The records Block Start

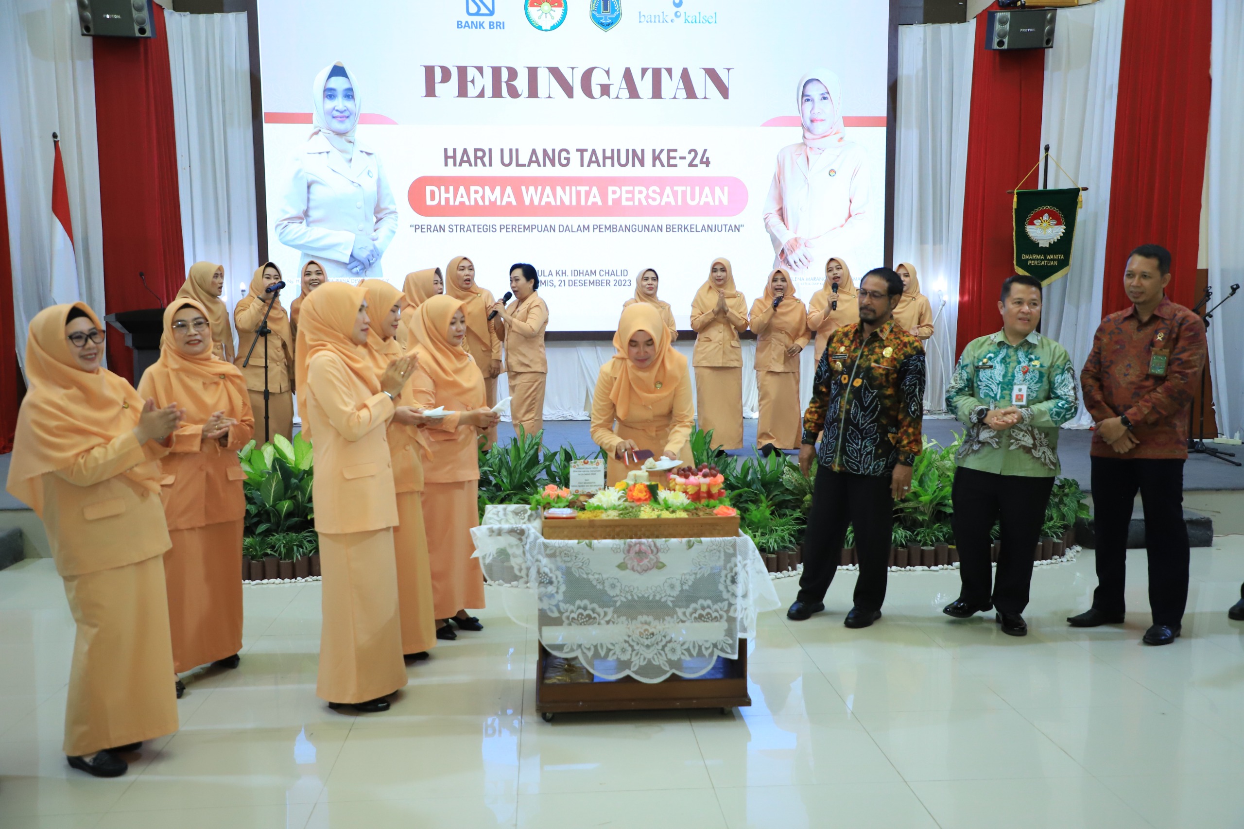 KANALKALIMANTAN.COM, AMUNTAI – Dharma Wanita Persatuan (DWP) Kabupaten Hulu Sungai Utara (HSU) menggelar puncak peringati Hari Ulang Tahun (HUT) ke-24 DWP di aula Dr KH Idham Chalid, Kamis (21/12/2023).
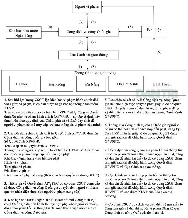 Cục CSGT (Bộ Công an) hướng dẫn người dân Hà Nội, Hải Phòng, Đà Nẵng, Tp Hồ Chí Minh và Bình Thuận quy trình nộp phạt vi phạm hành chính trong lĩnh vực giao thông và nhận giấy tờ tại nhà.
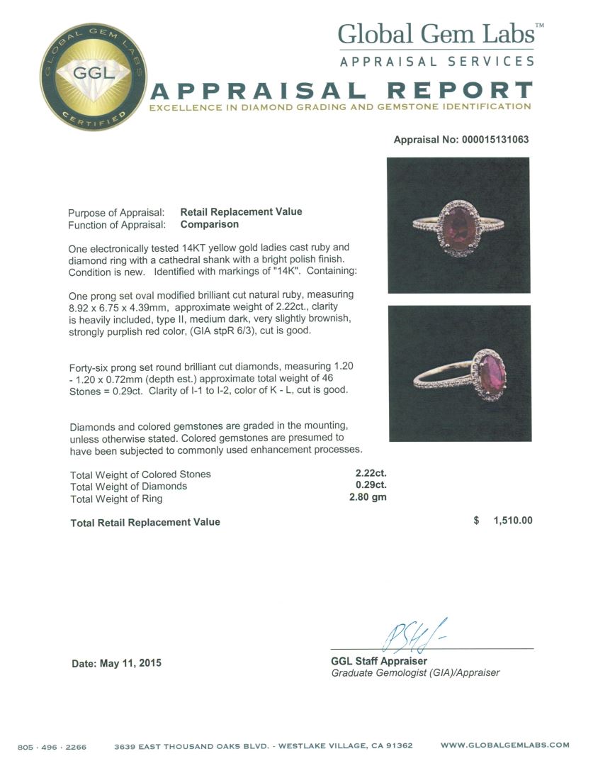 One electronically tested 14KT yellow gold ladies cast ruby and diamond ring with a cathedral shank with a bright polish finish. Identified with markings of "14K". Condition is new. Containing: One prong set oval modified brilliant cut natural ruby, measuring 8.92 x 6.75 x 4.39mm, approximate weight of 2.22ct., clarity is heavily included, type II, medium dark, very slightly brownish, strongly purplish red color, (GIA stpR 6/3), cut is good. Forty-Six prong set round brilliant cut diamonds, measuring 1.20 - 1.20 x 0.72mm (depth est.) approximate total weight of 46 Stones = 0.29ct. Clarity: I-1 to I-2. Color: K - L, Cut is Good. Diamonds and colored gemstones are graded in the mounting, unless otherwise stated. Colored gemstones are presumed to have been subjected to commonly used enhancement processes. Total Weight of Colored Stones 2.22ct. Total Weight of Diamonds 0.29ct. Total Weight of Ring 2.80 grams. GGL Appraised at $1,510.00.
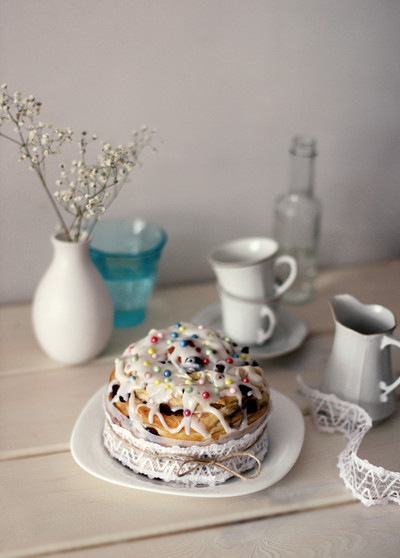 С куличом....
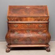 Wortelnotengefineerde dubbelgebogen klepsecretaire, de onderkast met vijf lades, staand op bolklauwpoten, het schrijfcompartiment voorzien van groen vilten werkblad en negen lades met lichte biezen, Hollands, 18e eeuw, 110 x 115 x 60 cm
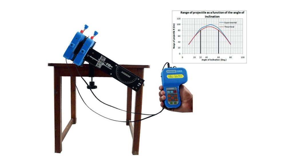 Projectile motion is used to experimentally determine the trajectory of a projectile launched either horizontally or at an angle. Angles between 0° and 90° can be selected. By varying the tension in the spring, different launch velocities can also be achieved. In this setup, the horizontal range and maximum height of the projectile can be measured using a marked surface. By analyzing the time of flight and displacement, students can verify the theoretical equations of motion under gravity. This experiment helps in understanding the effect of initial velocity, launch angle, and gravitational acceleration on the path of a projectile.
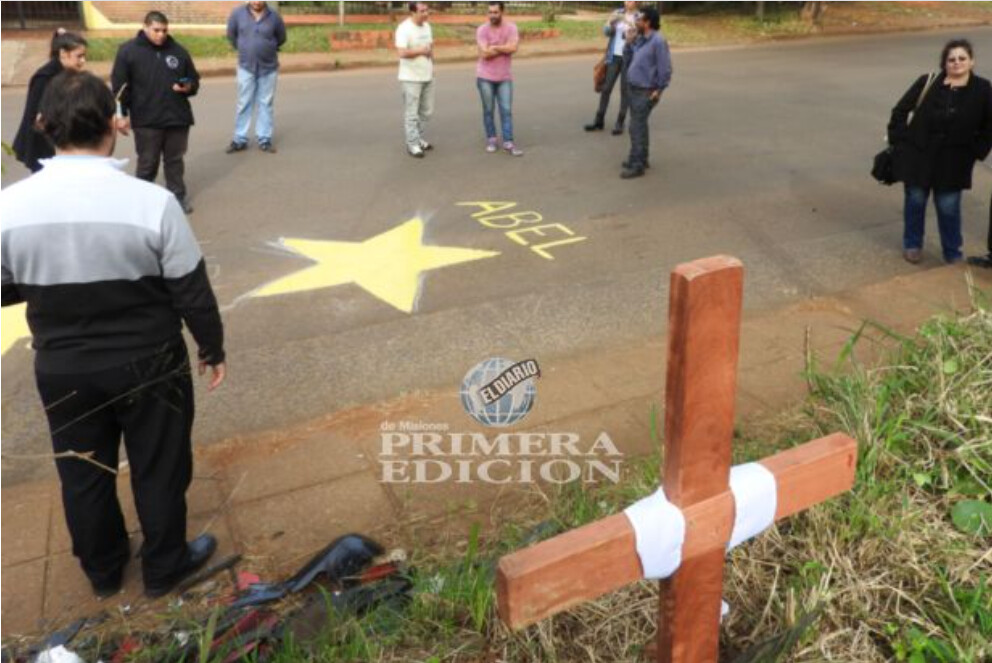 Cerca de las 10.30 de ayer más de 20 taxistas realizaron un nuevo pedido de justicia. Se concentraron sobre las mencionadas arterias y cerraron el paso al tránsito. A medida que pasaban los minutos se acercaban más familiares, amigos y colegas de las víctimas. A esa hora y frente a los escombros, una joven se arrodilló sobre el asfalto y dibujó la primera estrella. Un muchacho la ayudó y escribieron el primer nombre: Abel. Luego, dibujaron otra estrella y la llamaron Lidia.
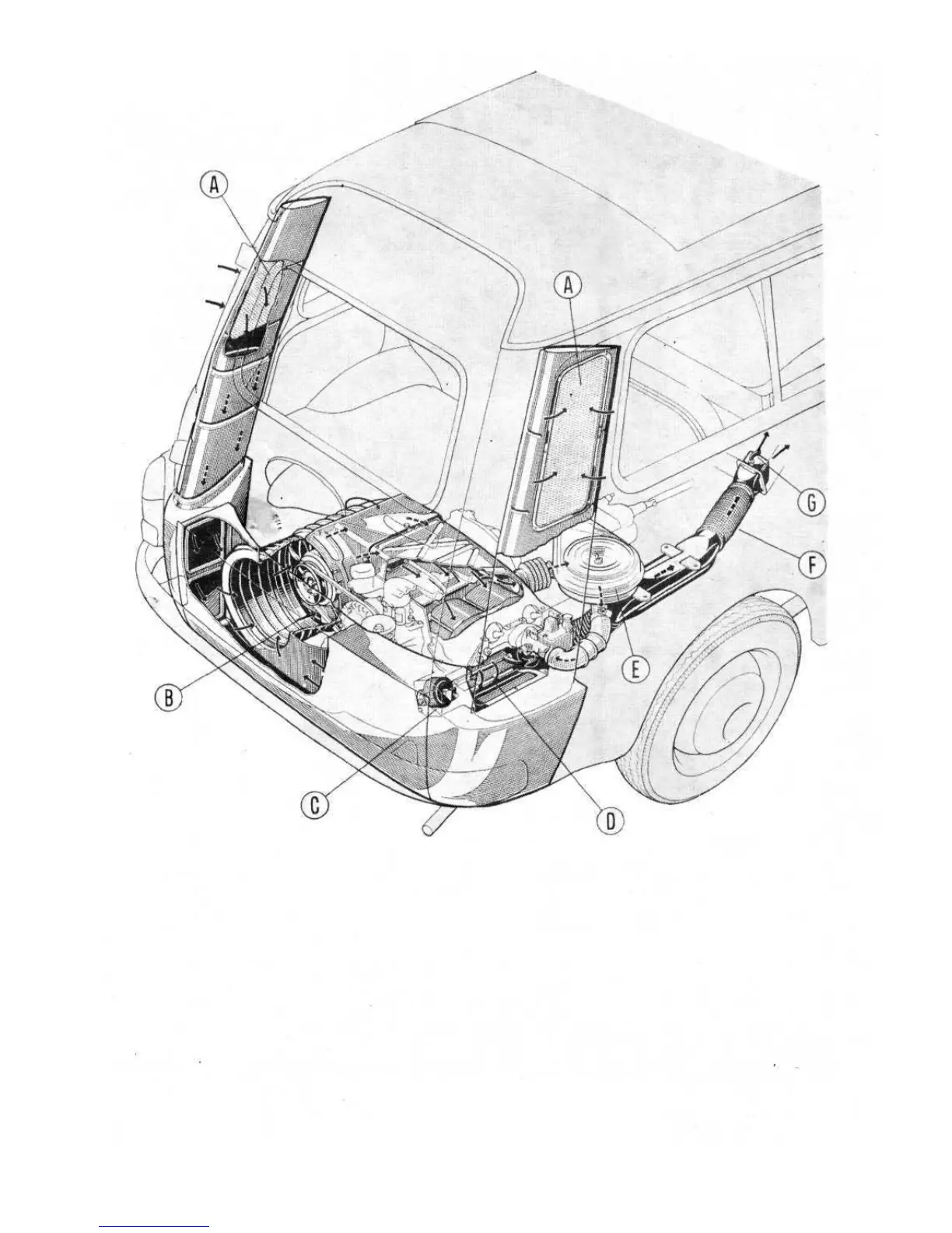 E Carburetter air cleaner F Duct, warmed air-to-car interior G Lever, air-to-car interior valve control
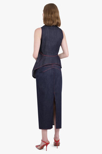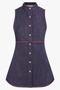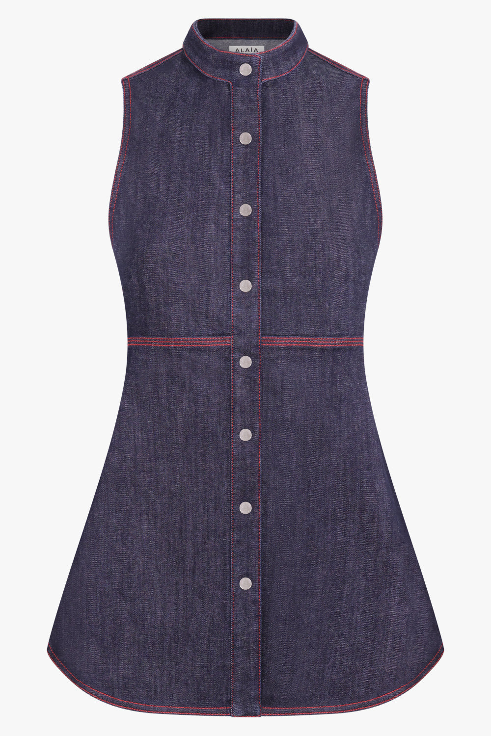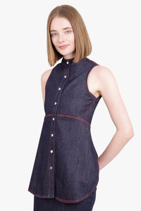 The Alaia Sleeveless Denim Blouse is crafted in a dark wash stretch denim. The style features a high crew neckline and a full length front button closure. The style is fitted to the waistline with an a-line flare finish to the hem. Fabrication: 90% Cotton, 2% Elastane, 8% Polyester Size and Fit Sophie: Model is 179cm/5’10” and is wearing a size FR36 Model Measurements: Bust: 76cm, Waist: 61cm, Hips 87.5cm Fits true to size Measurements 36: Bust 80cm, Waist 74cm, Hip 84cm, Length 109cm 38: Bust 84cm, Waist 78cm, Hip 88cm, Length 109cm 40: Bust 86cm, Waist 80cm, Hip 90cm, Length 72cm
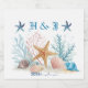 Celebrate your seaside nuptial with this elegant watercolor wine label. Featuring a delicate coastal scene of starfish, seashells, and coral in soft blue and sandy tones, this design is perfect for beach weddings, tropical destination receptions, or nautical-themed bridal showers. Easily customize the initials and date to make it uniquely yours.
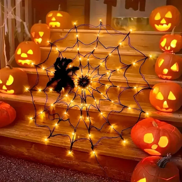 The lights feature a vibrant glow and unique spider web design, instantly transforming any space into a haunted atmosphere, perfect for Halloween or themed events.
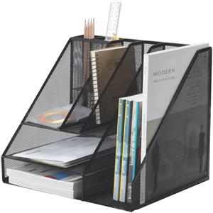 Q-Connect Portaoggetti da Scrivania Medio in Finitura Mesh - 10,3x9,8x20,5 cm, 3 Scomparti, Colore Nero Medio
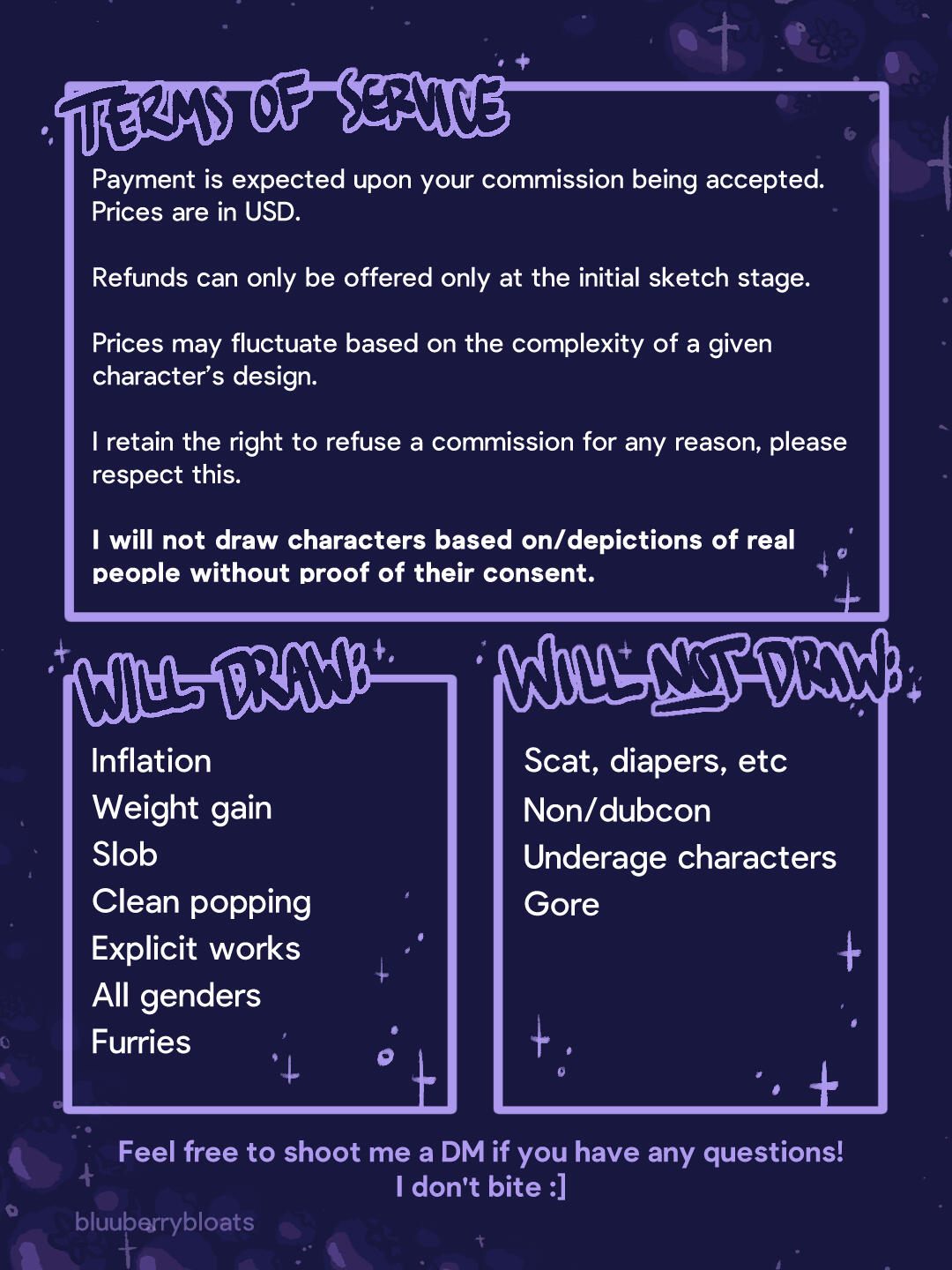 my commissions are closed at the moment, but feel free to look over my current pricing and terms of service!
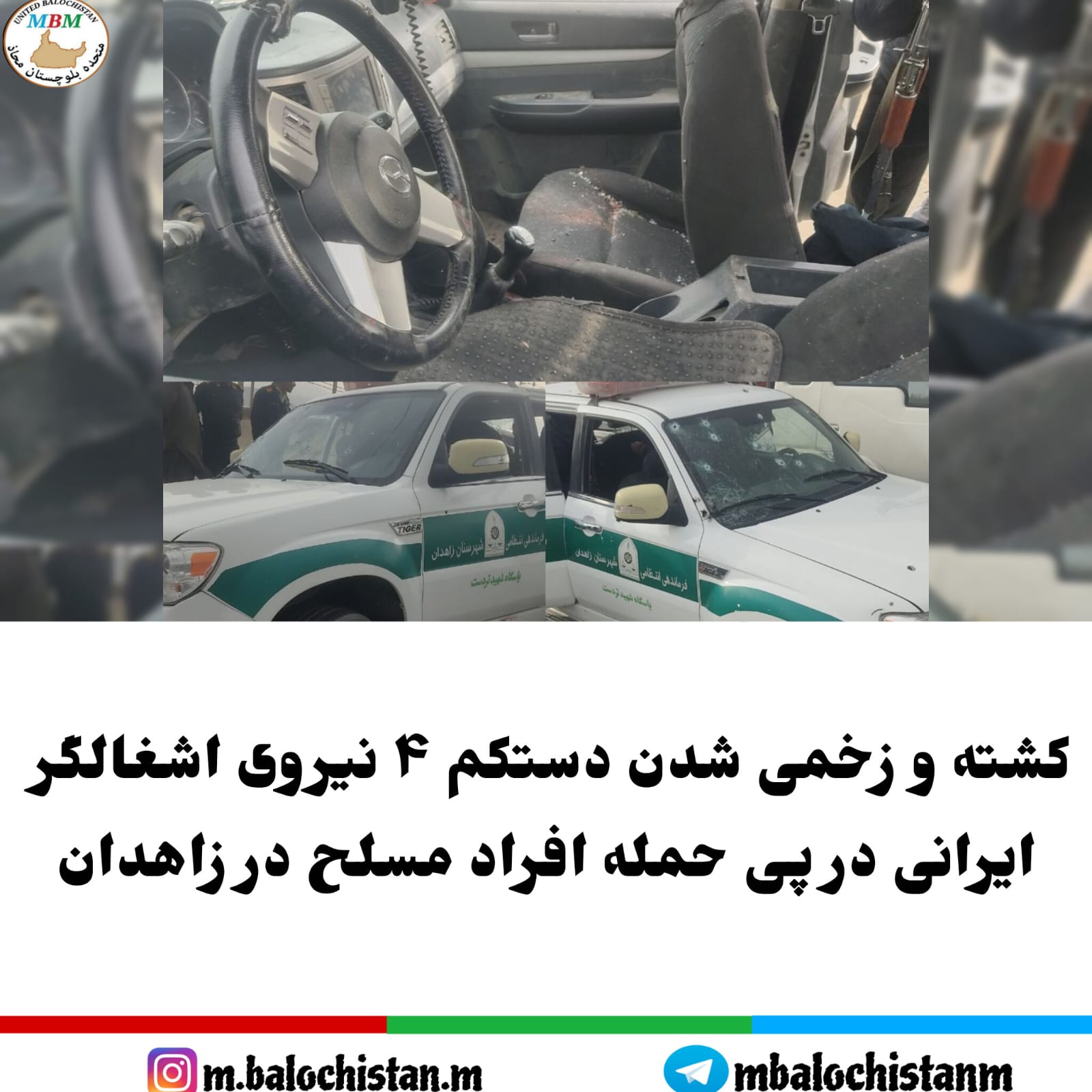 متحده بلوچستان محاذ|امروز سهشنبه ۱۲ اسفند ماه ۱۴۰۴ در پی تیراندازی افراد مسلح ناشناس در زاهدان دستکم یک نیروی اشغالگر ایرانی کشته و سه تن دیگر زخمی شده اند

The records Block End

• [Work order]: Transcribe the records word for word and include no pictures.

• [Response below]:
 KANALKALIMANTAN.COM, AMUNTAI – Dharma Wanita Persatuan (DWP) Kabupaten Hulu Sungai Utara (HSU) menggelar puncak peringati Hari Ulang Tahun (HUT) ke-24 DWP di aula Dr KH Idham Chalid, Kamis (21/12/2023).
 Cục CSGT (Bộ Công an) hướng dẫn người dân Hà Nội, Hải Phòng, Đà Nẵng, Tp Hồ Chí Minh và Bình Thuận quy trình nộp phạt vi phạm hành chính trong lĩnh vực giao thông và nhận giấy tờ tại nhà.
 One electronically tested 14KT yellow gold ladies cast ruby and diamond ring with a cathedral shank with a bright polish finish. Identified with markings of "14K". Condition is new. Containing: One prong set oval modified brilliant cut natural ruby, measuring 8.92 x 6.75 x 4.39mm, approximate weight of 2.22ct., clarity is heavily included, type II, medium dark, very slightly brownish, strongly purplish red color, (GIA stpR 6/3), cut is good. Forty-Six prong set round brilliant cut diamonds, measuring 1.20 - 1.20 x 0.72mm (depth est.) approximate total weight of 46 Stones = 0.29ct. Clarity: I-1 to I-2. Color: K - L, Cut is Good. Diamonds and colored gemstones are graded in the mounting, unless otherwise stated. Colored gemstones are presumed to have been subjected to commonly used enhancement processes. Total Weight of Colored Stones 2.22ct. Total Weight of Diamonds 0.29ct. Total Weight of Ring 2.80 grams. GGL Appraised at $1,510.00.
 С куличом....
 Wortelnotengefineerde dubbelgebogen klepsecretaire, de onderkast met vijf lades, staand op bolklauwpoten, het schrijfcompartiment voorzien van groen vilten werkblad en negen lades met lichte biezen, Hollands, 18e eeuw, 110 x 115 x 60 cm
 Projectile motion is used to experimentally determine the trajectory of a projectile launched either horizontally or at an angle. Angles between 0° and 90° can be selected. By varying the tension in the spring, different launch velocities can also be achieved. In this setup, the horizontal range and maximum height of the projectile can be measured using a marked surface. By analyzing the time of flight and displacement, students can verify the theoretical equations of motion under gravity. This experiment helps in understanding the effect of initial velocity, launch angle, and gravitational acceleration on the path of a projectile.
 Cerca de las 10.30 de ayer más de 20 taxistas realizaron un nuevo pedido de justicia. Se concentraron sobre las mencionadas arterias y cerraron el paso al tránsito. A medida que pasaban los minutos se acercaban más familiares, amigos y colegas de las víctimas. A esa hora y frente a los escombros, una joven se arrodilló sobre el asfalto y dibujó la primera estrella. Un muchacho la ayudó y escribieron el primer nombre: Abel. Luego, dibujaron otra estrella y la llamaron Lidia.
 E Carburetter air cleaner F Duct, warmed air-to-car interior G Lever, air-to-car interior valve control
 The Alaia Sleeveless Denim Blouse is crafted in a dark wash stretch denim. The style features a high crew neckline and a full length front button closure. The style is fitted to the waistline with an a-line flare finish to the hem. Fabrication: 90% Cotton, 2% Elastane, 8% Polyester Size and Fit Sophie: Model is 179cm/5’10” and is wearing a size FR36 Model Measurements: Bust: 76cm, Waist: 61cm, Hips 87.5cm Fits true to size Measurements 36: Bust 80cm, Waist 74cm, Hip 84cm, Length 109cm 38: Bust 84cm, Waist 78cm, Hip 88cm, Length 109cm 40: Bust 86cm, Waist 80cm, Hip 90cm, Length 72cm
 Celebrate your seaside nuptial with this elegant watercolor wine label. Featuring a delicate coastal scene of starfish, seashells, and coral in soft blue and sandy tones, this design is perfect for beach weddings, tropical destination receptions, or nautical-themed bridal showers. Easily customize the initials and date to make it uniquely yours.
 The lights feature a vibrant glow and unique spider web design, instantly transforming any space into a haunted atmosphere, perfect for Halloween or themed events.
 Q-Connect Portaoggetti da Scrivania Medio in Finitura Mesh - 10,3x9,8x20,5 cm, 3 Scomparti, Colore Nero Medio
 my commissions are closed at the moment, but feel free to look over my current pricing and terms of service!
 متحده بلوچستان محاذ|امروز سهشنبه ۱۲ اسفند ماه ۱۴۰۴ در پی تیراندازی افراد مسلح ناشناس در زاهدان دستکم یک نیروی اشغالگر ایرانی کشته و سه تن دیگر زخمی شده اند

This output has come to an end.